だからこそ、「スポンジのように吸収する」とも野口氏は語る。教育係のエンジニアの指導は素直に受け入れ、さらに“会社”よりも“人”に愛着が湧いて、その人に付くようになるそうだ。そうした現地採用スタッフを結束させようとする場合、現地採用の「中間管理職」スタッフの存在も重要になってくる。ここで難しいのは、会社の事業に関する売り上げなど具体的な金額について、彼らに対して全ては明かせないことだという。なぜなら、日本人とリビングコストが異なる現地採用スタッフに対して情報を開示することは、時として彼らの士気低下を招くことがあるからだそうだ。
そこで同社では、スタッフには会社のビジョンと目的を伝えて、共感を持ってもらうようにしているという。また、フィリピンの企業には年功序列の制度が残っているところがあるが、Cyscorpionsではそれを一切排除し、優秀な人材に機会と責任を与えるようにしている。
こうして「2012年は規模を積極的に拡大し、2013年は組織として安定させる1年だった」(野口氏)が、2014年は「優秀なエンジニアが1人で数人分の活躍ができる、そんな筋肉質な組織にしたい」(同氏)という。2011年にKLabの子会社になったこともあり、より高度な技術と質の高い成果を求められるようになったCyscorpions。それを実現するために雇用を積極化し、教育にも投資し、組織を作り上げてきた。
仕組みが構築され中間層が育った、もしくは育つ道筋がついたいま、投資から収穫のフェーズに移ったと野口氏は考えている。そのため、再度今までのプロセスを見直し、無駄を省き、稼げる組織にしたいという思いから“筋肉質な組織”という目標を掲げている。
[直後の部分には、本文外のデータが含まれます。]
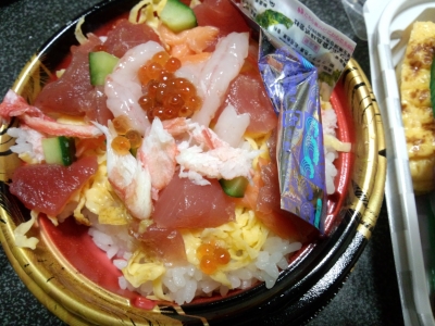 JUGEMテーマ:寿司今日午後、7時過ぎに清水屋春日井店に行ったら、いろいろ半額になっていました。(^o^)♫子供にはカツ丼半額250円を買いました。冷凍食品も半額で、大阪王将の餃子398円が半額だったので買ってみました。帰ってから作ったら美味しかったみたいで子供がよく食べていました。私はちらし寿司とおかずセットをそれぞれ半額で買いました。刺身ののったちらし寿司。これで、半額212円。お魚が新鮮で、美味しかったです(^_^)vおかずセットも半額で199円。フライは蟹爪フライです。好きなものばかり(*^_^*)チラシもおかず...

その一環として実施しているのが、Cyscorpions独自のゲーム開発だ。最新のゲーム事例を米国などから学び、現地採用のエンジニアたちが自らゲームを企画。社内で企画のコンペティションをして、勝ち残った企画のゲームを選抜されたチームで開発する。Unityを使ってiOS、Android OS向けのゲームを開発するそうだ。ローンチしたゲームはダウンロード数などの指標を設定し運用される。この取り組みにより「エンジニアのモチベーションを高めながら、将来的には独自の収益源を作っていきたい」(野口氏)という。
さらに信賞必罰を明確化し、社員ひとりひとりの能力や貢献度なども把握していく。今後は、従業員に自分の評価のランキングを告知することも検討しているという。相対的な評価を入れることで競争を煽り、切磋琢磨させたいと考えているからだ。日本的な長期雇用や社員教育、福利厚生を残しながら、欧米的な成果主義を導入する。そのため、給与体系も変動させるという。
Cyscorpionsでは2014年内に、現在の170人から250人まで社員数を拡大させる予定だ。人件費が安価ながらも優秀なエンジニアの基盤を構築し、引き続きKLab再起の足固めをしていく。